Circuit that makes capacitor act like a larger capacitor

A capacitance multiplier is designed to make a capacitor function like a much larger capacitor. This can be achieved in at least two ways.
- An active circuit, using a device such as a transistor or operational amplifier
- A passive circuit, using autotransformers. These are typically used for calibration standards. The General Radio / IET labs 1417 is one such example.

Capacitor multipliers make low-frequency filters and long-duration timing circuits possible that would be impractical with actual capacitors. Another application is in DC power supplies where very low ripple voltage (under load) is of paramount importance, such as in class-A amplifiers.

== Transistor-based ==

A basic transistor capacitance multiplier.

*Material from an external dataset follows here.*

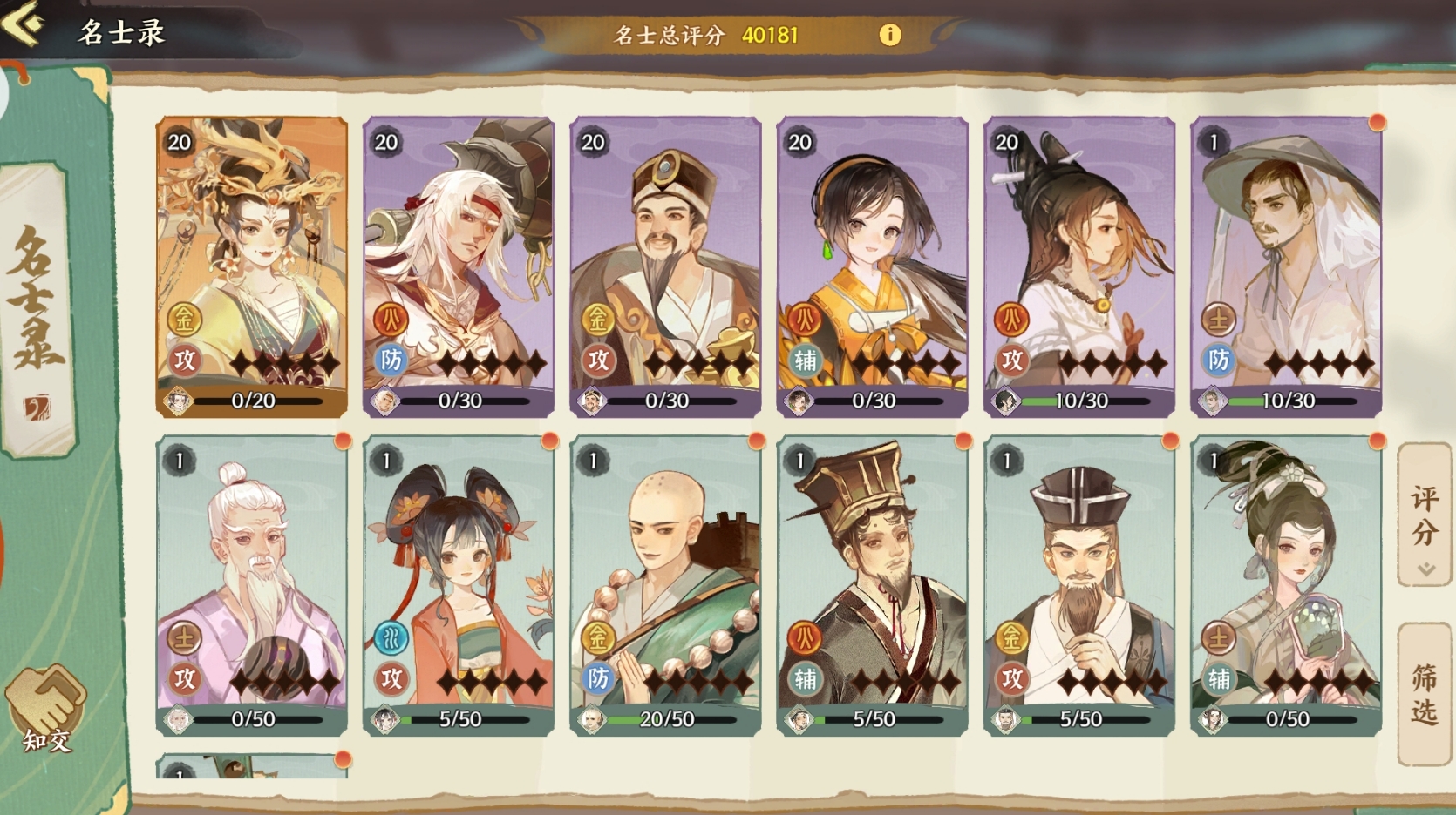 此外,人们还能在华夏绘世录里通过拜访来让各朝代的名士们加入自己的队伍,并且它不光有能抽到所有品阶名士的普通拜访卡池,也有可让人们抽取单一属性的五行拜访卡池,让各位能更加轻松地去完成自己队伍的组建。名士们在上阵后,还会根据阵容中拥有同一属性的人数来获得阵容加成,作战潜力更为出色。而且此作的养成难度特别低,资源给得很足,且每项资源都有对应的获取渠道,还能在拿到更好的名士后,使用重制功能来回退之前投入的养成资源,令新获得的名士能更迅速地完成练度提升并成为阵中主力。

Here the capacitance of capacitor $C_1$ is multiplied by approximately the transistor's current gain (β).

Without Q, $R_2$ would be the load on the capacitor. With Q in place, the loading imposed upon $C_1$ is simply the load current reduced by a factor of $\left( \beta + 1 \right)$. Consequently, $C_1$ appears multiplied by a factor of $\left( \beta + 1 \right)$when viewed by the load.

Another way is to look at this circuit as an emitter follower with capacitor C1 holding voltage at base constant with load of input impedance of Q1:

$Z_{\text{in}} = R_2 \cdot \left( \beta +1 \right)$,

so the output current is stabilized much more against power line voltage noise.

== Operational amplifier based ==

A basic op amp capacitance multiplier.

Here, the capacitance of capacitor C1 is multiplied by the ratio of resistances:

$C = C_1 \cdot \frac{R_1}{R_2}$

at the $V_i$ node.

More advanced capacitance multiplier

The synthesized capacitance also brings a series resistance approximately equal to $R_2$, and a leakage current appears across the capacitance because of the input offsets of OP. These problems can be avoided by a circuit with two op amps. In this circuit the input to OP1 can be a.c.-coupled if necessary, and the capacitance can be made variable by making the ratio of $R_1$ to $R_2$ variable.

$C = C_1 \cdot \left(1 + \frac{R_2}{R_1}\right)$

In the circuits described above the capacitance is grounded, but floating capacitance multipliers are possible.

A negative capacitance multiplier can be created with a negative impedance converter.

== Autotransformer based ==
These permit the synthesis of accurate values of large capacitance (e.g., 1 F) by multiplying the capacitance of a high-precision lower value capacitor by the use of two transformers. Its function acts as a reference standard, not as a general-purpose circuit element. The resulting device is a four-terminal element and cannot be used at dc.